IRS auditors, claimants, potential business purchasers, lenders and others typically review the corporate minute book to determine whether various corporate activities were adequately documented, whether shareholders had a meeting, whether directors and officers were properly appointed, and whether activities and major decisions such as borrowing, paying bonuses and dividends entering into substantial contracts or leases, were all properly authorized and executed.

Shareholders must treat the corporation as a legal and financial entity separate and distinct from the individual shareholder. Common mistakes include commingling personal and corporate funds, using corporate funds for personal use, and dealing with third parties individually rather than through the corporation for purposes of signing contracts or obtaining credit.

Shareholders must provide adequate capitalization for the corporation at the time of formation and must maintain adequate capitalization as the business grows and evolves.Capitalization is usually adequate if the amount of actual business capital on hand is sufficient for the corporation to pay its debts as they become due.

For most family businesses in today’s hyper-competitive marketplace, the last thing on anyone’s mind is holding annual shareholder and director meetings, maintaining thorough records and updating the corporate record book.

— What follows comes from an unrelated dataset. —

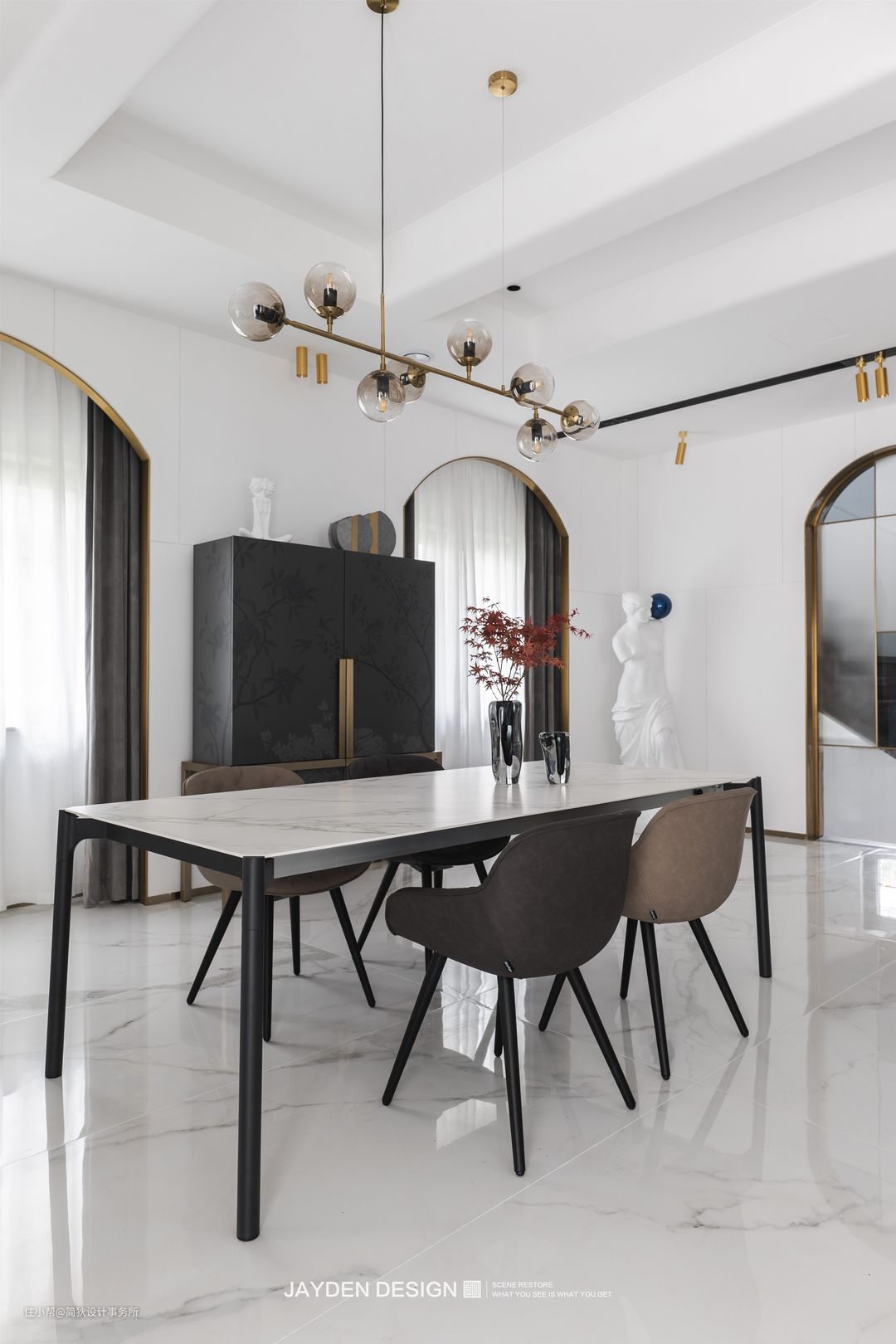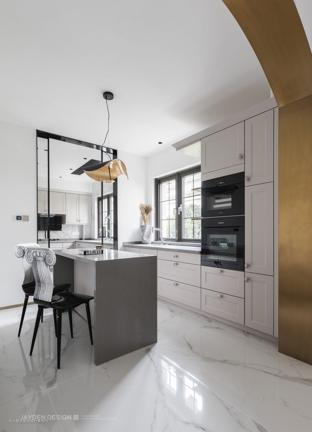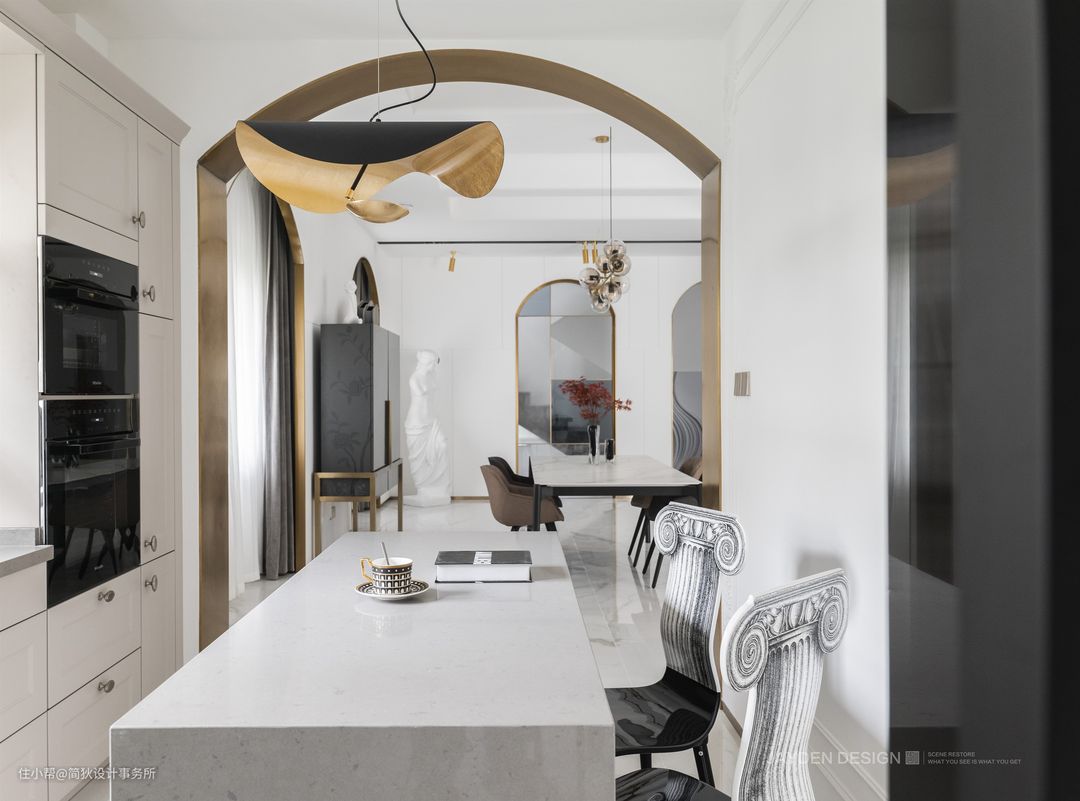 宽敞明亮的餐厅被拱形门洞所围合,金色的不锈钢门套让整个餐厅熠熠生辉,多了几份奢华与高贵。

However, sound business practice requires the business owner to observe corporate formalities and maintain adequate records in the ordinary course of business to maintain limited liability and corporate tax status.

Business owners might consider calendaring corporate maintenance at least twice per year. Opportune times for this process may include one month before the date of the annual meeting of shareholders as required by the corporate by-laws, and one month before the end of the corporation’s fiscal year.